* **WHAT IS EXPECTED**
Begin at the line containing "3:最后点击拼写检查,取消勾选输入时拼写检查,点击确定即可。" in the records below, end at the line containing "With Lee-Char still", and retype each line in that span exactly. No other line and no image should appear.

* **GIVEN ENTRIES**

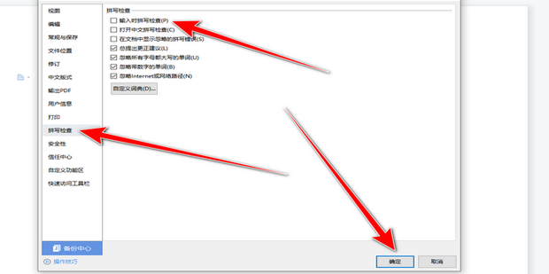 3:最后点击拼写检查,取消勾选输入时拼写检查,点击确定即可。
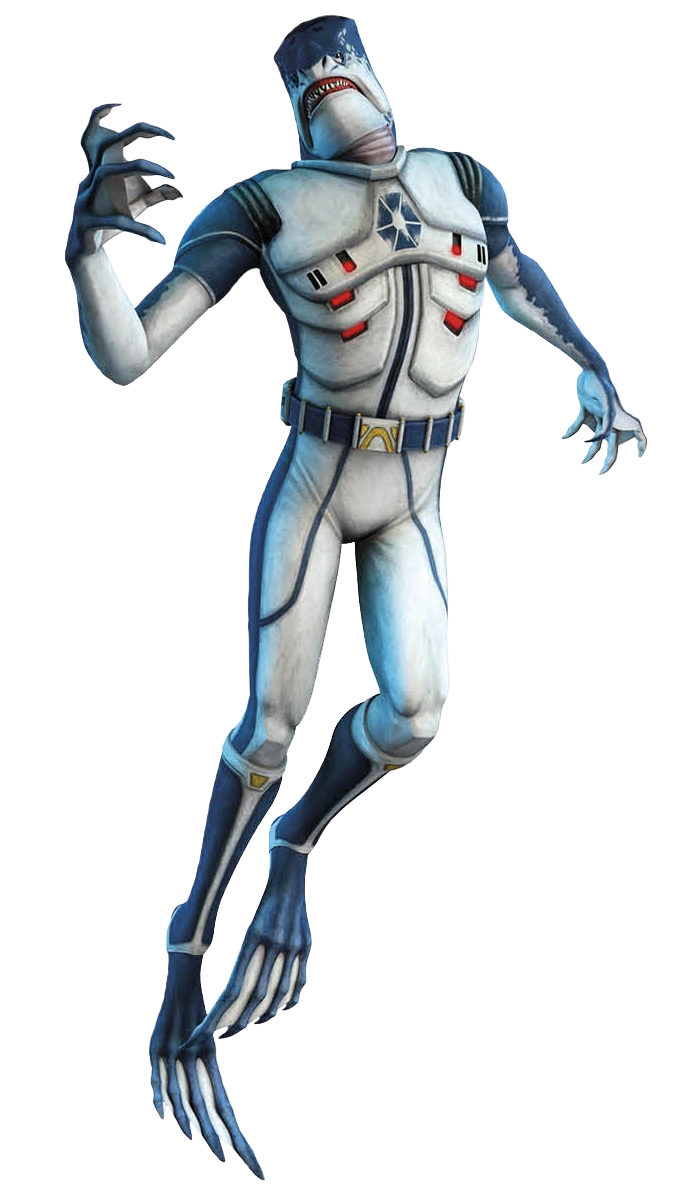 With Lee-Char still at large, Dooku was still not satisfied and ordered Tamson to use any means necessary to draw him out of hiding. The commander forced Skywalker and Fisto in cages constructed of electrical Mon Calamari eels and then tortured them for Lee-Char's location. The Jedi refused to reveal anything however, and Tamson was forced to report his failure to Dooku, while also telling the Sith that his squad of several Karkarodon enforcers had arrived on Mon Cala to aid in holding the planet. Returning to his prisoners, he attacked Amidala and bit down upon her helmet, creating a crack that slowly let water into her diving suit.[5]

--

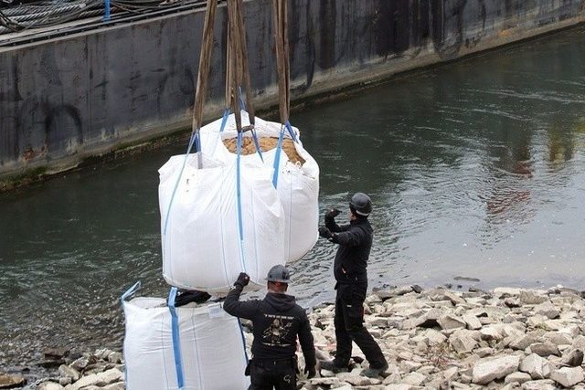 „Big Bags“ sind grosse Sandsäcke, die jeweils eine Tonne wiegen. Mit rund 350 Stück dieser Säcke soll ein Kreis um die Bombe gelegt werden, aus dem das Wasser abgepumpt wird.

* **RESPONSE TO THE TASK**
 3:最后点击拼写检查,取消勾选输入时拼写检查,点击确定即可。
 With Lee-Char still at large, Dooku was still not satisfied and ordered Tamson to use any means necessary to draw him out of hiding. The commander forced Skywalker and Fisto in cages constructed of electrical Mon Calamari eels and then tortured them for Lee-Char's location. The Jedi refused to reveal anything however, and Tamson was forced to report his failure to Dooku, while also telling the Sith that his squad of several Karkarodon enforcers had arrived on Mon Cala to aid in holding the planet. Returning to his prisoners, he attacked Amidala and bit down upon her helmet, creating a crack that slowly let water into her diving suit.[5]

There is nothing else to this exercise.